The component of \vec u orthogonal to \vec a is \vec u_{\perp\,\vec a} = \left(\frac{9}{5},\frac{6}{5},\frac{9}{10},\frac{21}{10}\right).

Step-by-step explanation:

Let \vec u and \vec a, from Linear Algebra we get that component of \vec u parallel to \vec a by using this formula:

\vec u_{\parallel \,\vec a} = \frac{\vec u \bullet\vec a}{\|\vec a\|^{2}} \cdot \vec a (Eq. 1)

Where \|\vec a\| is the norm of \vec a, which is equal to \|\vec a\| = \sqrt{\vec a\bullet \vec a}. (Eq. 2)

If we know that \vec u =(2,1,1,2) and \vec a=(4,-4,2,-2), then we get that vector component of \vec u parallel to \vec a is:

\vec u_{\parallel\,\vec a} = \left[\frac{(2)\cdot (4)+(1)\cdot (-4)+(1)\cdot (2)+(2)\cdot (-2)}{4^{2}+(-4)^{2}+2^{2}+(-2)^{2}} \right]\cdot (4,-4,2,-2)

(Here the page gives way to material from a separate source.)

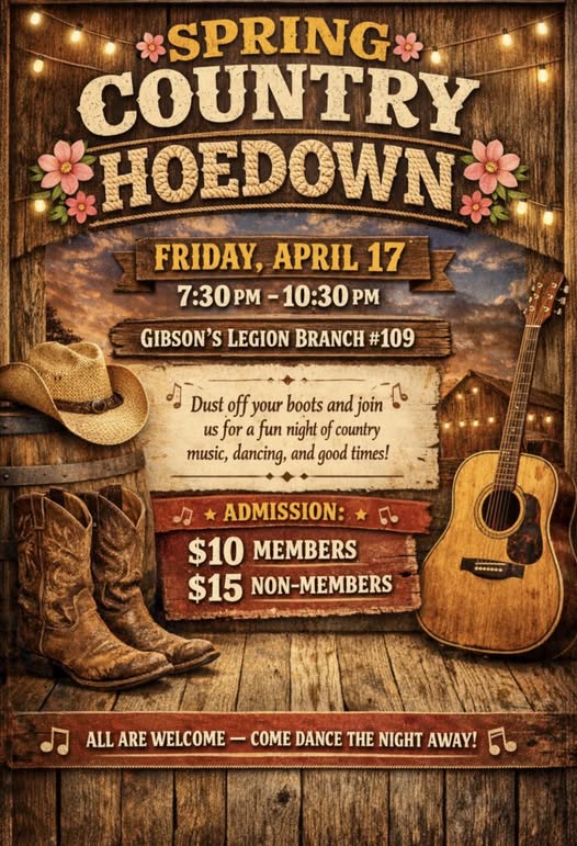 Dance to the Sunshine Coast's finest. Country, 50s, 60s, 70s music. Tickets are $15 in advance at the SSAC front desk or A Little Brit of Heaven in Sechelt, or $20 at the door.

\vec u_{\parallel\,\vec a} =\frac{1}{20}\cdot (4,-4,2,-2)

\vec u_{\parallel\,\vec a} =\left(\frac{1}{5},-\frac{1}{5},\frac{1}{10},-\frac{1}{10} \right)

Lastly, we find the vector component of \vec u orthogonal to \vec a by applying this vector sum identity:

\vec  u_{\perp\,\vec a} = \vec u - \vec u_{\parallel\,\vec a} (Eq. 3)

If we get that \vec u =(2,1,1,2) and \vec u_{\parallel\,\vec a} =\left(\frac{1}{5},-\frac{1}{5},\frac{1}{10},-\frac{1}{10} \right), the vector component of \vec u is:

\vec u_{\perp\,\vec a} = (2,1,1,2)-\left(\frac{1}{5},-\frac{1}{5},\frac{1}{10},-\frac{1}{10}    \right)

\vec u_{\perp\,\vec a} = \left(\frac{9}{5},\frac{6}{5},\frac{9}{10},\frac{21}{10}\right)

The component of \vec u orthogonal to \vec a is \vec u_{\perp\,\vec a} = \left(\frac{9}{5},\frac{6}{5},\frac{9}{10},\frac{21}{10}\right).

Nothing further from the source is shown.